### Data
=====

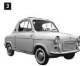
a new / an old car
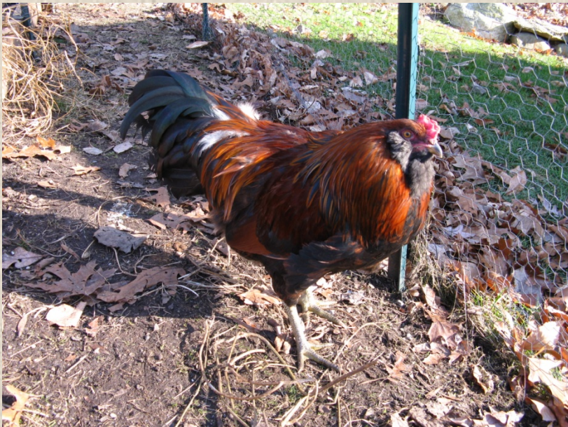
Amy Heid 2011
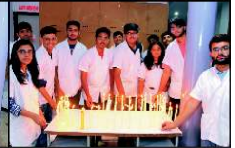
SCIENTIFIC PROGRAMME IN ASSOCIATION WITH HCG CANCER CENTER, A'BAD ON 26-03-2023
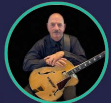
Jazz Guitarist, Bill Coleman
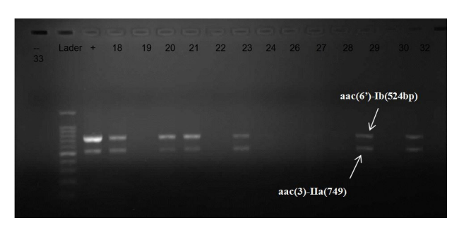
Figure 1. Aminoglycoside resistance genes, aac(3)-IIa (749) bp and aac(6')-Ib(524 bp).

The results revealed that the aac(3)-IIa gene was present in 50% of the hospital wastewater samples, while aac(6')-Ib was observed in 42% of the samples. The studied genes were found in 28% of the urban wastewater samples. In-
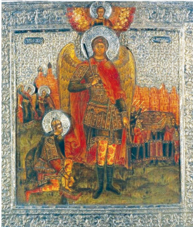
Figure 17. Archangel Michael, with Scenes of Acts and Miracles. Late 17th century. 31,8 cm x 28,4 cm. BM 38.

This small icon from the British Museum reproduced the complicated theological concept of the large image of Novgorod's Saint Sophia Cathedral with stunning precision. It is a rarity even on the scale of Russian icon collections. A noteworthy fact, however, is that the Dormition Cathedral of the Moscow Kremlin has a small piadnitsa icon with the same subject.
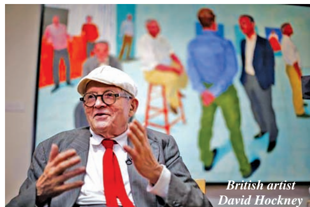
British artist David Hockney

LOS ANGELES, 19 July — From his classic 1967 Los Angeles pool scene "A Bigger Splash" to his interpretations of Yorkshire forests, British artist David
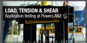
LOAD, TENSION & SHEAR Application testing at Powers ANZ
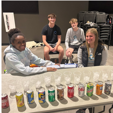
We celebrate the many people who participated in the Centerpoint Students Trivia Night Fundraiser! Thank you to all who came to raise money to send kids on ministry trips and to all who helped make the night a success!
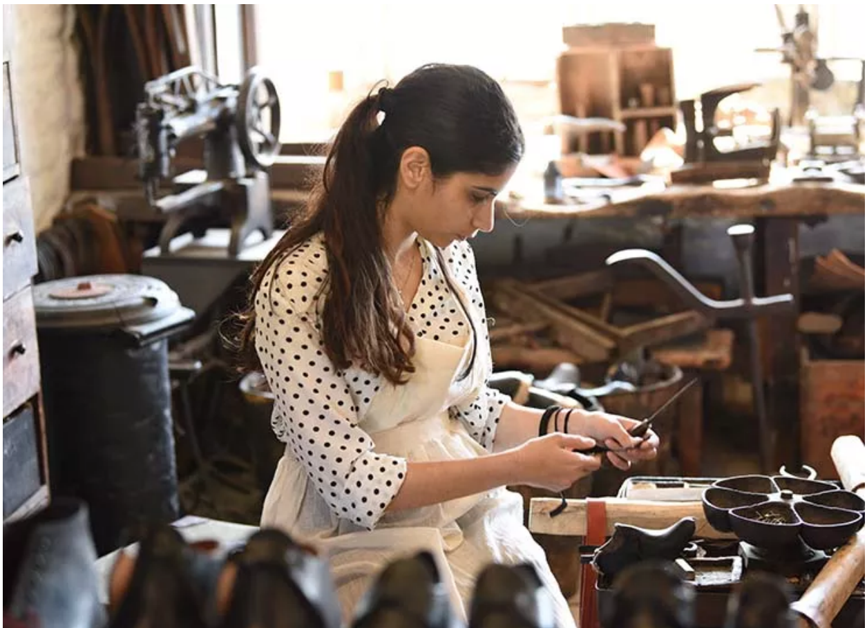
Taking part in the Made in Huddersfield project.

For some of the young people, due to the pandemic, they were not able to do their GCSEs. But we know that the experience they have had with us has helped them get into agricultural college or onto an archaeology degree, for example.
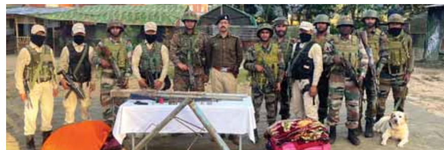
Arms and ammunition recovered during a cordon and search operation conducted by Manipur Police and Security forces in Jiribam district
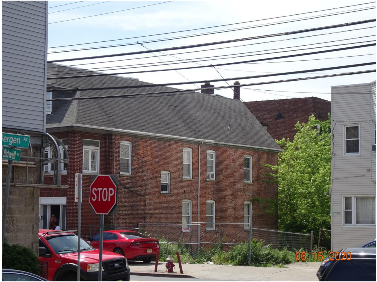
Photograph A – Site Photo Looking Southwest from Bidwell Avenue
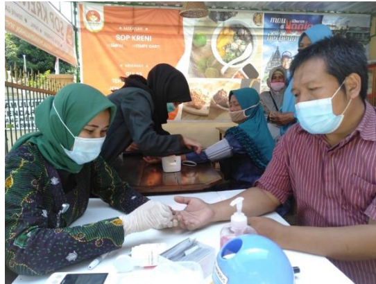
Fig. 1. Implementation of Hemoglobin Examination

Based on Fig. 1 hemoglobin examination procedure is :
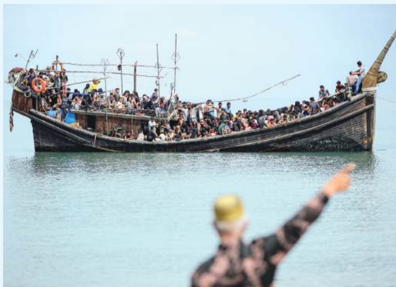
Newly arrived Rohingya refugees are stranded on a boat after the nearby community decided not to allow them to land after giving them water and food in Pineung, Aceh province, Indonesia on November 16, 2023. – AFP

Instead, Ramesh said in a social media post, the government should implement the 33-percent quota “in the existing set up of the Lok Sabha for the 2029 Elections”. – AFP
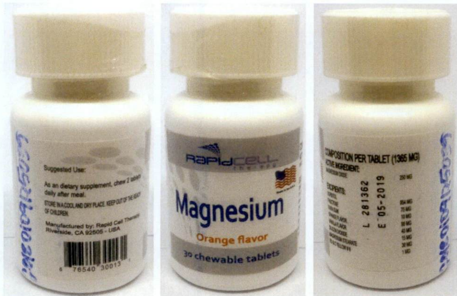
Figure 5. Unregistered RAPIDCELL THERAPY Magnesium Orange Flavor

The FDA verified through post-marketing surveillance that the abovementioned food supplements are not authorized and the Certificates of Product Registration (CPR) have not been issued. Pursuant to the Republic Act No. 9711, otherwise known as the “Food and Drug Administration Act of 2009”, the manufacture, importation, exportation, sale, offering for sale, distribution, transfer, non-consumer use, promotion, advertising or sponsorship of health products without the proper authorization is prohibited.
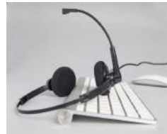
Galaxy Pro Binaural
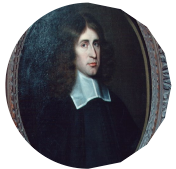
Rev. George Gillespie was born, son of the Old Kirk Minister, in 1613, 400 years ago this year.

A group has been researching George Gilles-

=====

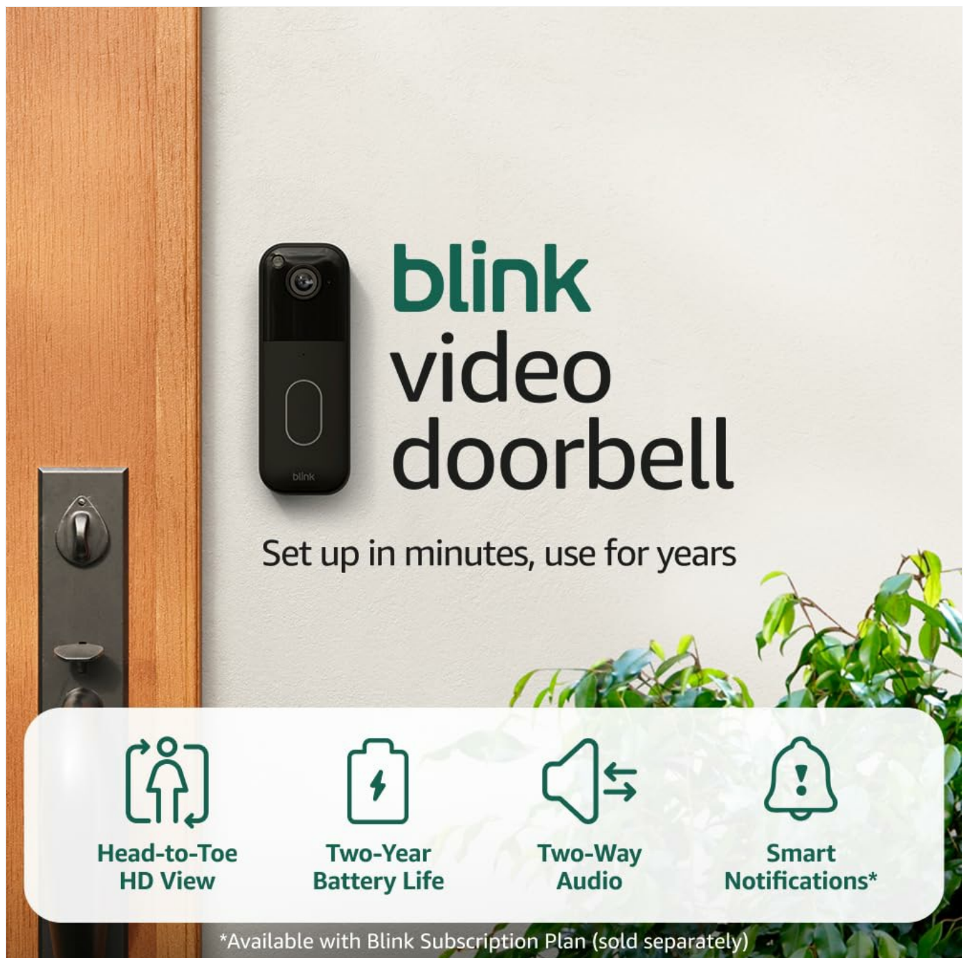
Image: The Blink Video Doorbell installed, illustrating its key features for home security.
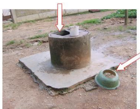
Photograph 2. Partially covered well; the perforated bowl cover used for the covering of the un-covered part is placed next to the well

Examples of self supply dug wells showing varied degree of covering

=====

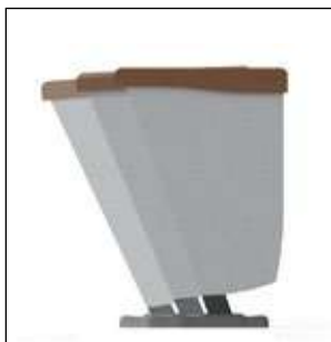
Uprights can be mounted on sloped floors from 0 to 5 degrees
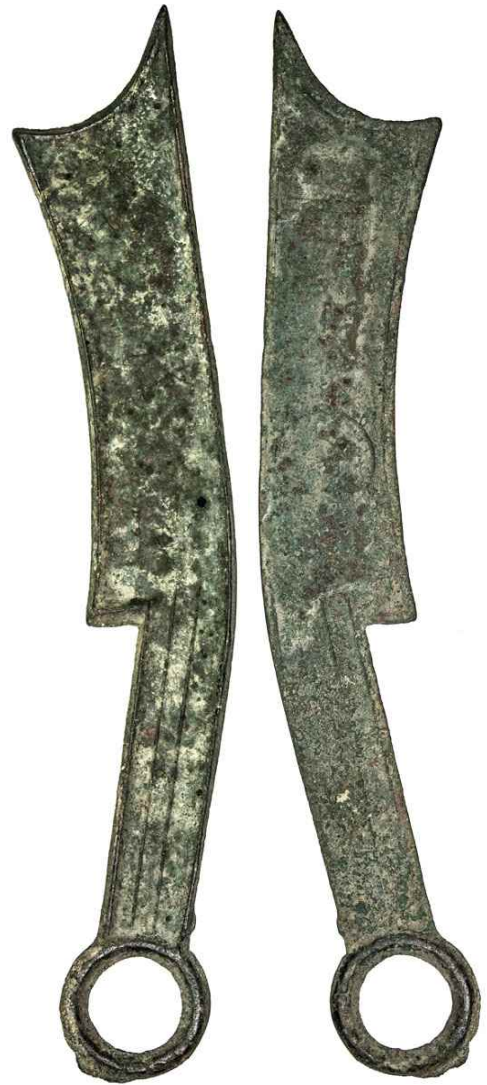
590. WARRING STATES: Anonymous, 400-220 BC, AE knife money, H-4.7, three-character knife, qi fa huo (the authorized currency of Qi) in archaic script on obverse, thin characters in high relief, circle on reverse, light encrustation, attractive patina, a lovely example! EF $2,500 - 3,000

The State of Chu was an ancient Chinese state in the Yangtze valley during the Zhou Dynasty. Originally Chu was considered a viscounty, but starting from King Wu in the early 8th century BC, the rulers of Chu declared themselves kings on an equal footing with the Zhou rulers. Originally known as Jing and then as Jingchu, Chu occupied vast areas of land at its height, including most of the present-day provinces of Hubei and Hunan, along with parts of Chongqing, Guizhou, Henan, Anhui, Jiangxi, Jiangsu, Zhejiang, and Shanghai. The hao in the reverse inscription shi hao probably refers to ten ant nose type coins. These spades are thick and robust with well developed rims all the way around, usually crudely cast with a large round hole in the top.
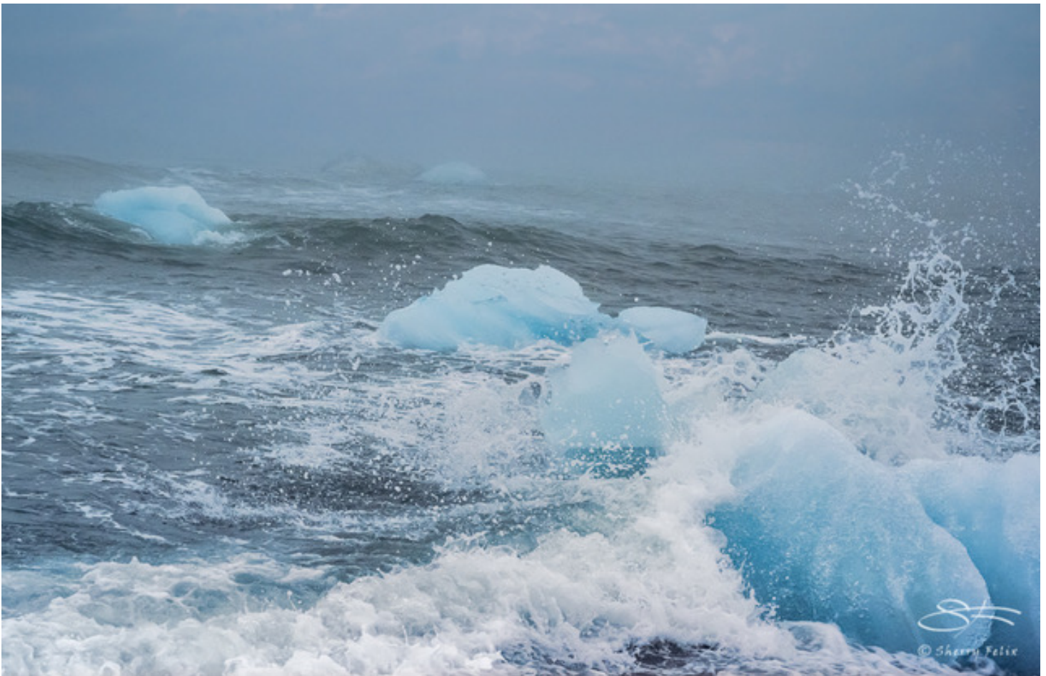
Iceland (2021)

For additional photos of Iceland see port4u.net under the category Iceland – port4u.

=====

### Aim of the exercise
Find the lines above that contain the word "genes" and collect them.

### Answer
Figure 1. Aminoglycoside resistance genes, aac(3)-IIa (749) bp and aac(6')-Ib(524 bp).
The results revealed that the aac(3)-IIa gene was present in 50% of the hospital wastewater samples, while aac(6')-Ib was observed in 42% of the samples. The studied genes were found in 28% of the urban wastewater samples. In-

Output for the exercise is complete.